Another powerful practice is a meditation on the heart as the primordial drum. Take a comfortable seated posture with the spine erect. Tune into and relax the chest area -- the region of the heart chakra. Become aware of the pulse of your heart. To bring the sound more into focus you can feel the pulse on your wrist. Feel the energy, the prana, the electricity pumping from the heart to every part of your body. Feel the pulse of the heart echoing in every cell of your mind and body. With every pulse of the heart the entire body is being magnetized, energized, revitalized and rejuvenated. Each cell is washed and energized with freshly oxygenated blood. With every heartbeat feel the pumping energy of the heart transforming into electromagnetic waves, radiating out endlessly into the vastness of space. Mind and body pulse as one heart, one drum, resounding throughout all of reality. Feel the spiritual and physical heart synchronize and harmonize within you. Now feel the pulse of the mind and body aligning with the pulsing heart of the universe. Our individual consciousness is a point in the matrix of this luminous pulsing awareness that is the web of reality. We are one point of this pulsing consciousness but simultaneously we are the entire web pulsing everywhere. The source of all that is pulses throughout everything. There is only one of us here resounding and echoing to the cosmic drum of all that is.

"When a Navaho person wishes to renew or reestablish, in the world, the harmonious condition of well being and beauty expressed by the Navajo word hozho he must first strive, through ritual, to create this harmony and peacefulness within his own being. Having established such hozho within himself, he can then actively impart this state of well-being to the enveloping cosmos, through the transforming power of song or prayer. Finally, according to Gary Witherspoon's book, Language and Art in the Navajo Universe, "after a person has projected hozho into the air through ritual form, he then, at the conclusion of the ritual, breathes that hozho back into himself and makes himself a part of the order, harmony, and beauty he has projected into the world through the ritual mediums of speech and song." David Abram, Spell of the Sensuous.

Heartmath, a non profit organization devoted to studying the heart, found that when people practice meditations that engender feelings of love, kindness and appreciation, that their levels of DHEA, the anti-aging hormone increased 100 percent. At the same time levels of cortisol, a hormone generated by stress, decreased by 23 percent. They also found that as people focused on experiencing love in their meditations the rhythm of their heartbeat synchronized with their breathing rhythms. Heartmath director Rollin McCraty, found that meditation with feelings of love synchronized the body's internal systems, affecting the immune system, the hormones and even cognitive performance.
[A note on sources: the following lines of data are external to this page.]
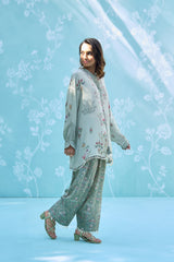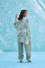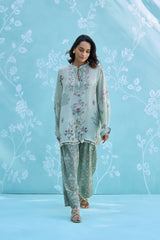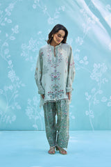 The Flora Skirt set is a masterclass in effortless luxury. This two-piece set is crafted from premium natural crepe, offering a beautiful, fluid drape that moves with you. Featuring a sophisticated botanical print of delicate wildflowers, the tunic is accented with a scalloped fringe hem and artisanal tassel ties
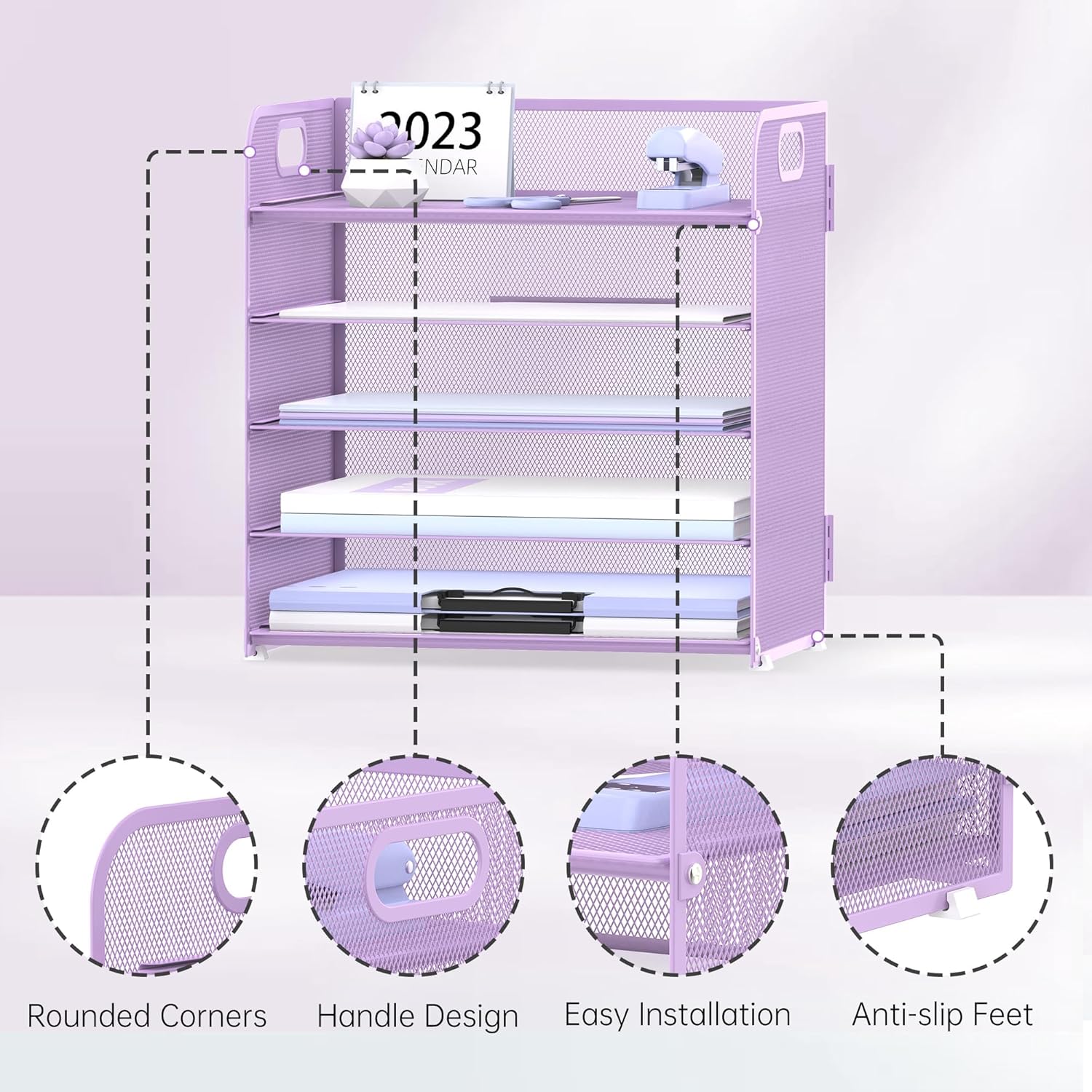 - [Handle Design] The handle design makes the paper tray organizer easy to move. These purple desk organizer are suitable for women, students, office clerks, teachers, and teens, offering both functionality and aesthetic pleasure.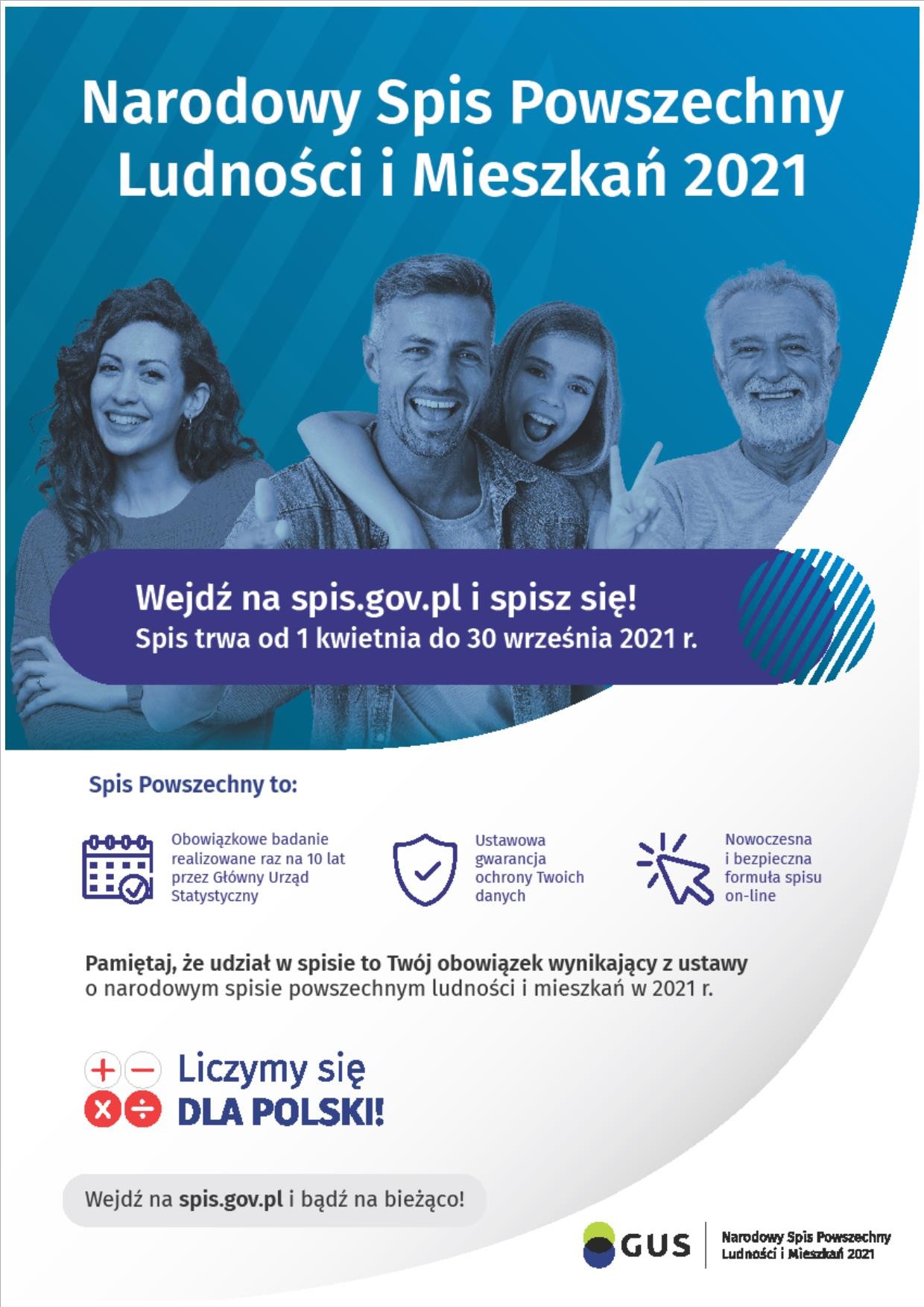 W związku z rozpoczęciem Narodowego Spisu Powszechnego Ludności i Mieszkań 2021 i jego wydłużeniem do 30 września br. uprzejmie informujemy, że podstawową metodą realizacji obowiązku spisowego jest samospis poprzez aplikację: kliknij tutaj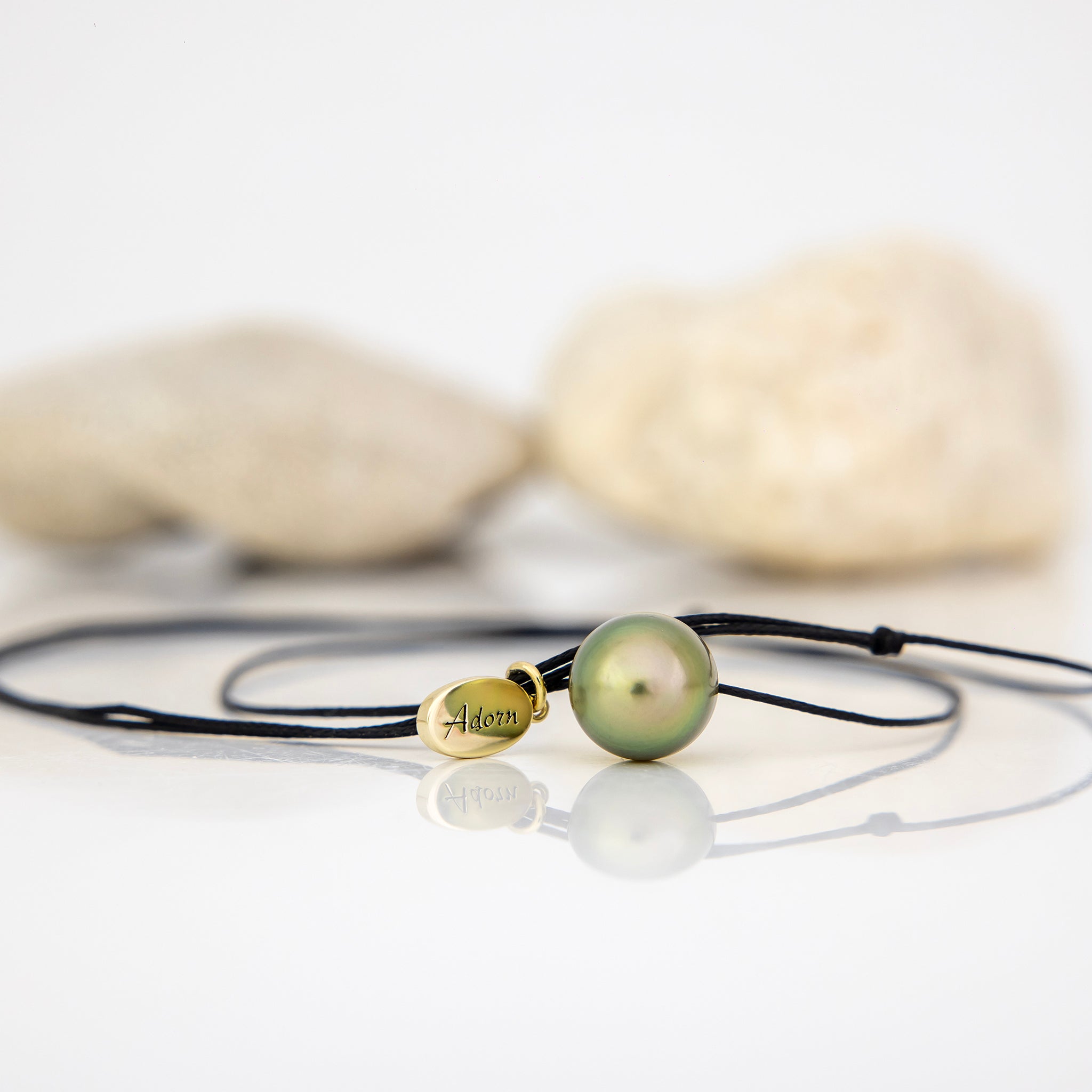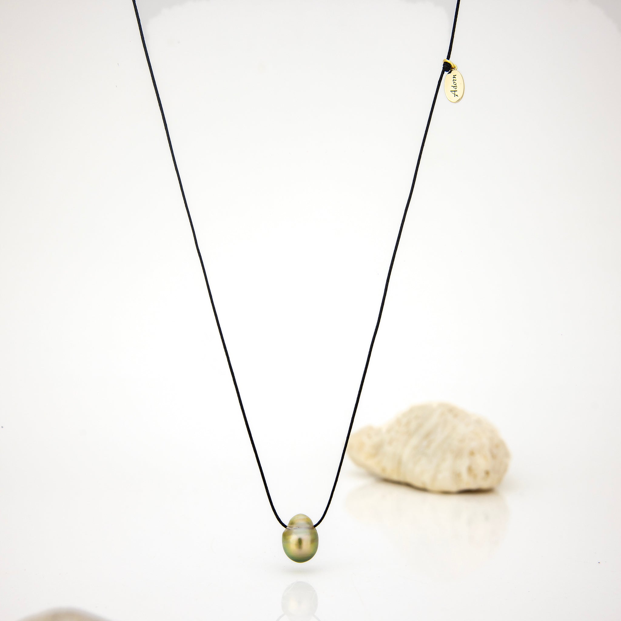 PEARL - Civa Fiji Saltwater Pearl: drop, vivid green / gold tones
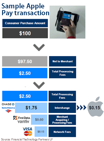Yet that ignores the fact it can make sense to sacrifice revenue per transaction if there is greater overall volume – that is, unit revenue is lower but total revenue higher.” . Presumably those institutions which have struck a deal with Apple, and they include Wells Fargo, Citi, American Express, Visa, MasterCard and dozens of others, believe access to Apple’s 800 million plus customer base justifies paying out a reported 15 basis points per transaction.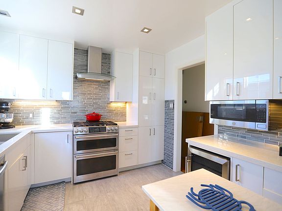 The new resident here will enjoy a spacious living room and a formal dining room with luxury modern finishes including wood parquet floors & a stylish stone fireplace mantel (decorative fireplace). The kitchen boasts quartz countertops and high end stainless steel appliances including a wine fridge, gas range (with a hood vent that vents to the outside), quiet dishwasher, under cabinet mounted microwave and a generously sized refrigerator (with ice maker & water dispenser). The bedrooms are well appointed with built out closets (oriented toward the rear of the flat). The primary and second bedrooms overlook the shared backyard. The newly remodeled immaculate bathroom features Robern cabinetry, a steam room inspired deep sunken jacuzzi & air bubble tub, rainfall shower head and a Japanese Toto bidet toilet. Shared backyard & pavered patio with terraced garden and a myriad of fruit trees.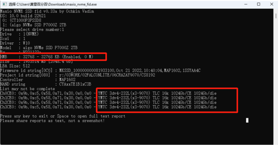 ▲通过maxio版的flash_id软件进行测试,我们可以得知这款固态的颗粒正式来自YMTC(即大名鼎鼎的长江存储)的第四代3D TLC颗粒。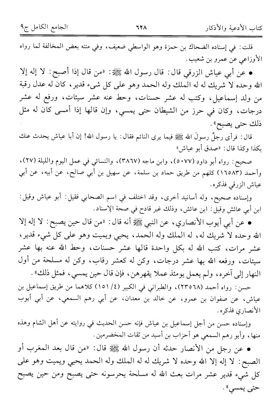 • عن أبي أيوب الأنصاري، عن النبي - صلى الله عليه وسلم - أنه قال: "من قال حين يصبح: لا إله إلا الله وحده لا شريك له، له الملك وله الحمد، يحيي ويميت وهو على كل شيء قدير، عشر مرات، كتب الله له بكل واحدة قالها عشر حسنات، وحط الله عنه بها عشر سيئات، ورفعه الله بها عشر درجات، وكن له كعشر رقاب، وكن له مسلحة من أول النهار إلى آخره، ولم يعمل يومئذ عملا يقهرهن، فإن قال حين يمسي، فمثل ذلك".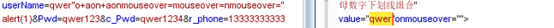 在特殊符号中不断的测试,发现“as+onmouseover=a” 会被直接清除掉只剩下一个“a”,但是as+aonmouseover=a”,则保留下了“asa”,直接把前后的内容拼接上了。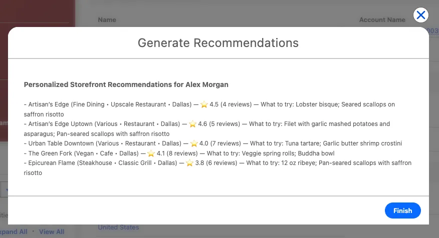 txtYou are writing a customer-facing shortlist of Pronto storefront recommendations. Recommend up to 5 storefronts (aim for 3–5 when possible) that match the customer’s preferences and location. Requirements: - Use only the data provided (do not invent menu items, hours, promos, or ratings) - This response must be customer-facing: - Do not say “thanks for the context” or mention the input data, payload, or internal reasoning - Do not mention “review signals” or “available storefronts” - Write in a warm, concise tone that could be shown directly to the customer - Output format: - Output ONLY a bullet list (no intro, no outro, no extra paragraphs) - Each bullet must be ONE line and include: - Storefront Name - Cuisine + Type - City (and neighborhood/area if available) - Rating and total reviews if available - What to try: 1–2 items (only if menu items are provided for that storefront) - Use this structure: - Storefront Name (Cuisine • Type • City) — ⭐ {rating} ({totalReviews} reviews) — What to try: Item 1; Item 2 - If rating/total reviews are missing, omit that segment. - If menu items are missing for a storefront, omit the “What to try” segment. - Keep the tone friendly and concise Customer + storefront context:In the Preview panel, select any Contact record (for example, Alex Morgan) as the Contact resource.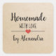 Modern "homemade with love" sticker with a black font on a cardboard background embellished by a cute red heart. Customise text.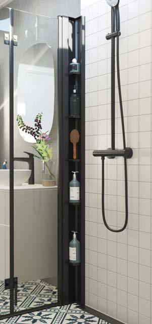 Med Tower-hjørnehyllen, som er en integrert del av Match-serien, blir det oppbevaringsplass til sjampo, såpe og alt det andre du trenger i dusjen. Tower leveres både i sort matt og sateng.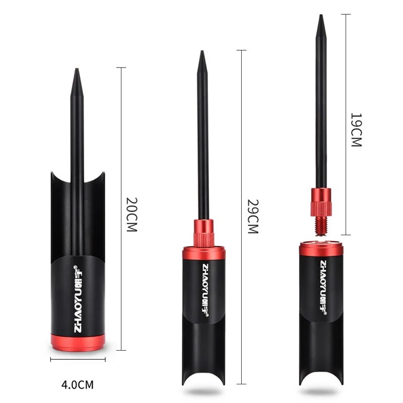 La parte superiore del supporto funge da supporto per la canna, mentre la punta inferiore è destinata a una facile infilatura nel terreno. La combinazione di questi elementi garantisce un utilizzo stabile e pratico durante la pesca.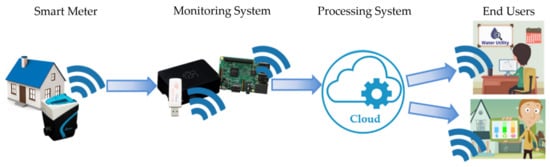 In particular, a real-time water consumption monitoring and processing system was developed, aimed at recording consumption data at the user’s connection to the water distribution network. It transfers the data collected to a cloud platform, where consumption data are processed in order to produce valuable information for the end users, both Water Utility (WU) and its customers [7]. In fact, the entire system allows consumers to know their consumption in near real time and to receive an alarm message in the event of water leaks downstream of their own water meters. As a result, users can become more aware of their water consumption and avoid waste of water. At the same time, the entire infrastructure enables the WU to maintain real time monitoring of the water consumption of all users. As a result, the WU achieves an improved and more sustainable management of the water distribution network.
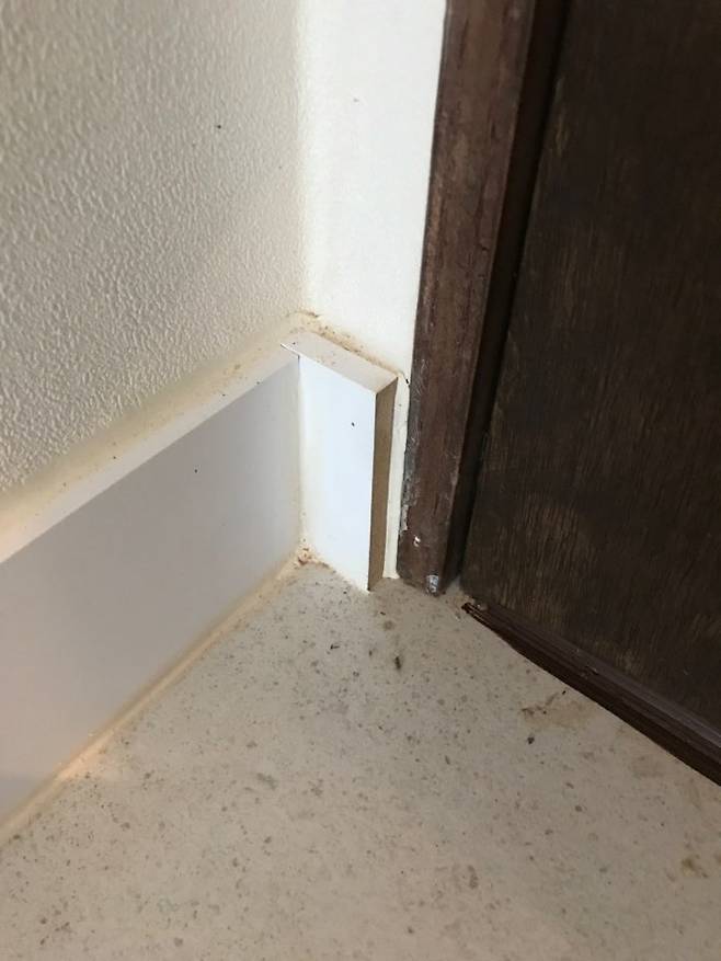 바닥 몰딩 시공도 코너마다 다 잘려 있거나 문 선과 맞지 않게 되어 있었죠.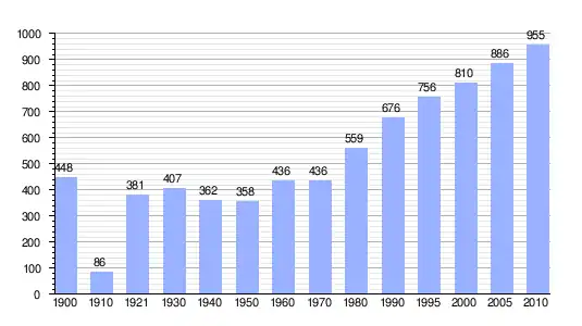 Población de los censos y conteos del Instituto Nacional de Estadística y Geografía (INEGI) de 1900 a 2010.[7] |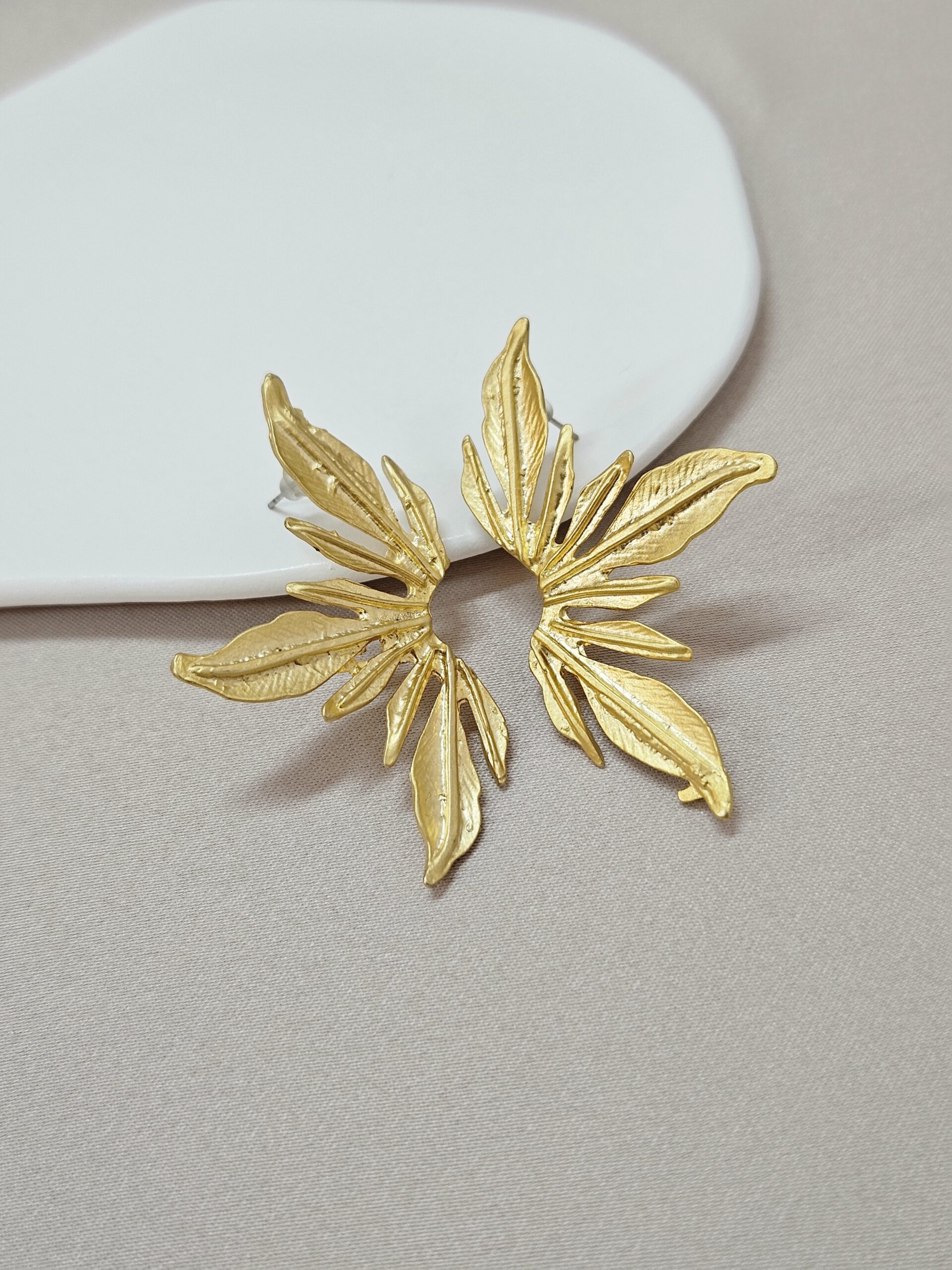 From our Greek Collection, these statement boho gold earrings feature a striking leaf design, radiating earthy elegance and artisan charm. The textured gold finish captures light beautifully, creating a bold yet natural look that channels the spirit of ancient Greek artistry and modern boho style.

Consider this: we keep the heart center closed because if we kept it open to each and every person, being, situation we come in contact with, we would have to release our selfishness and radically change our behavior. When Mother Theresa opened her heart to the dying person who fell in her arms on the street she could no longer close her heart to the suffering all around her. She said from that moment on, she saw Christ in every person she met and in becoming a nun she had dedicated her life to Him. To serve him was to care for him in all his guises.